- [THE PROBLEM] The lines to print run from the top of the material below to the line with "Tričko s potiskem", inclusive; please copy them exactly, without pictures.

-------- GIVEN MATERIAL

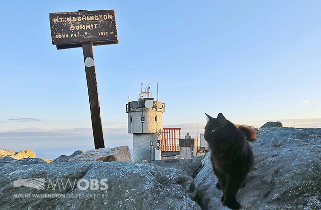 Termina diciendo: “Solo puedo añadir que estos pronósticos no son aplicables a la cima de Monte Washington, quizá debido a la altura”. Marty, un Maine Coon negro, falleció el 10 de noviembre de 2020, a los 14 o 15 años. Solía recibir a los observadores con su largo y fornido rabo muy tieso, dejando claro que ningún otro gato de Nueva Inglaterra vivía a semejante altura. Nimbus, un gato gris de pelo corto, es el actual residente en Monte Washington.
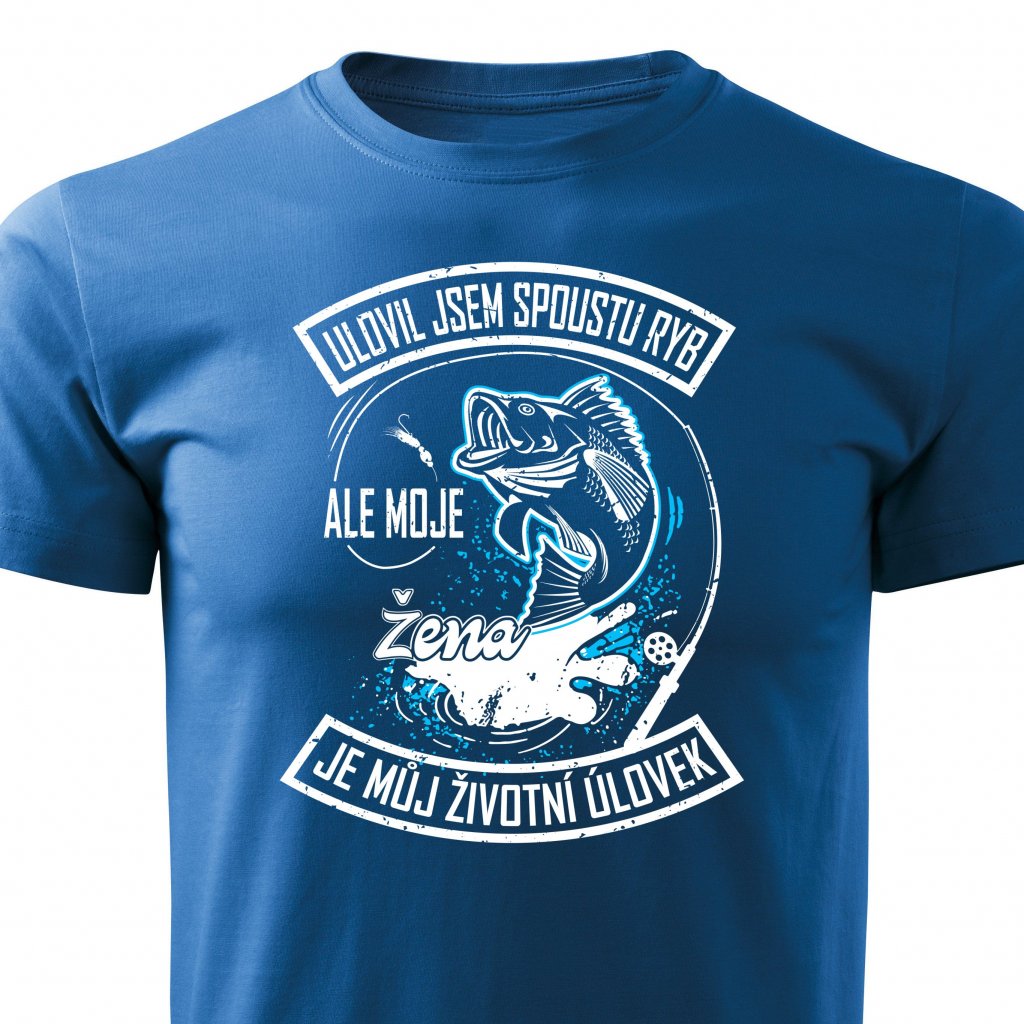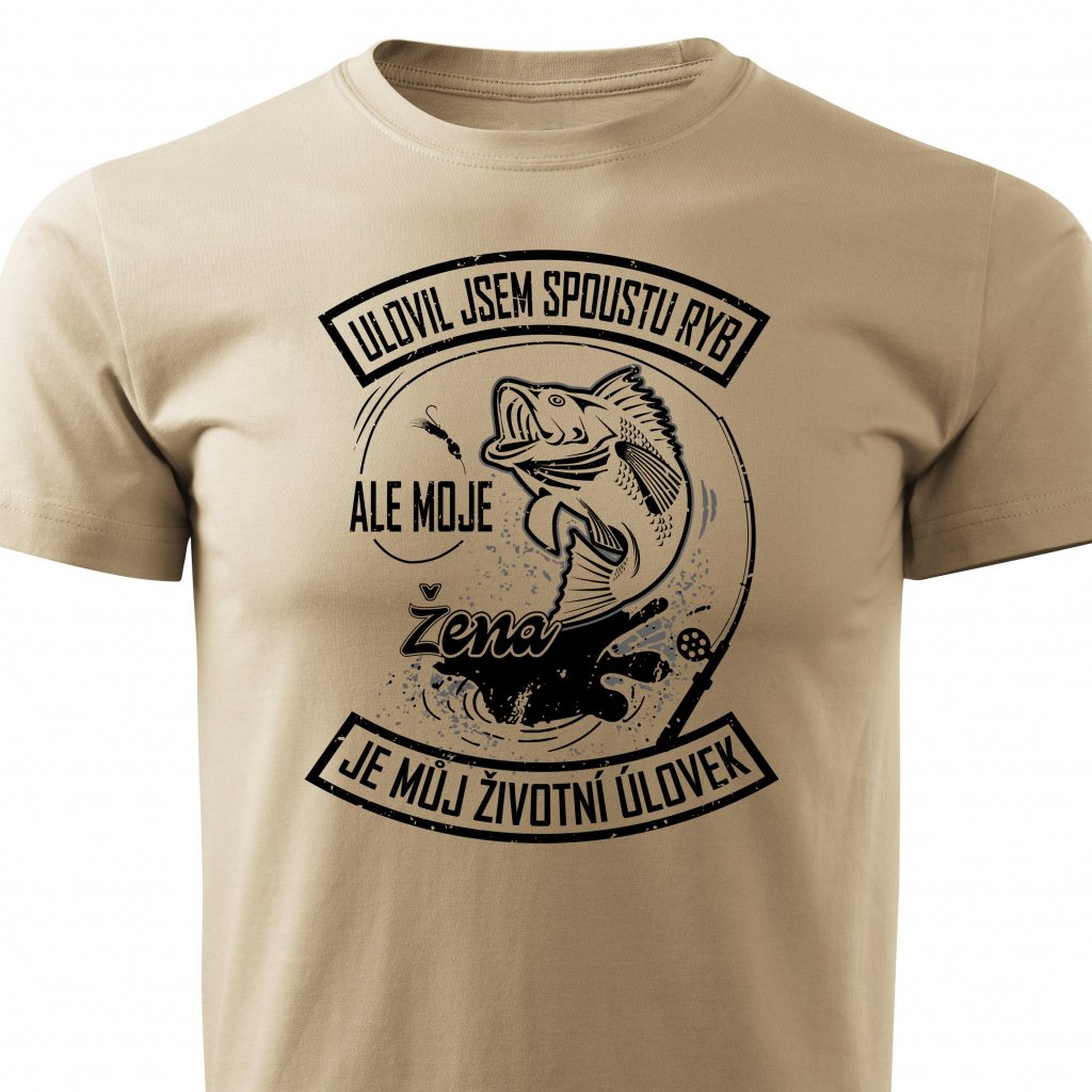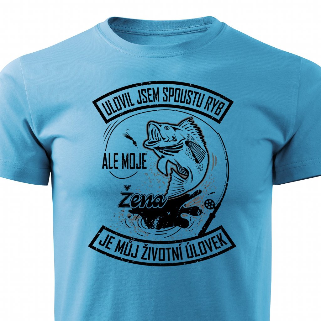 Tričko s potiskem Ulovil jsem spoustu ryb ale moje žena je můj životní úlovek.
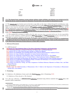 1.3 The elements and mass fractions given in the above scope tables are the ranges validated through the interlaboratory study. However, it is known that the techniques used in this standard allow the useable range, for the elements listed, to be extended higher or lower based on individual instrument capability, available reference materials, laboratory capabilities, and the spectral characteristics of the specific element wavelength being used. It is also acceptable to analyze elements not listed in 1.1 or 1.2 and still meet compliance to this standard test method. Laboratories must provide sufficient evidence of method validation when extending the analytical range or when analyzing elements not reported in Section 18 (Precision and Bias), as described in Guide E2857.

----------------

- [SOLUTION]
 Termina diciendo: “Solo puedo añadir que estos pronósticos no son aplicables a la cima de Monte Washington, quizá debido a la altura”. Marty, un Maine Coon negro, falleció el 10 de noviembre de 2020, a los 14 o 15 años. Solía recibir a los observadores con su largo y fornido rabo muy tieso, dejando claro que ningún otro gato de Nueva Inglaterra vivía a semejante altura. Nimbus, un gato gris de pelo corto, es el actual residente en Monte Washington.
 Tričko s potiskem Ulovil jsem spoustu ryb ale moje žena je můj životní úlovek.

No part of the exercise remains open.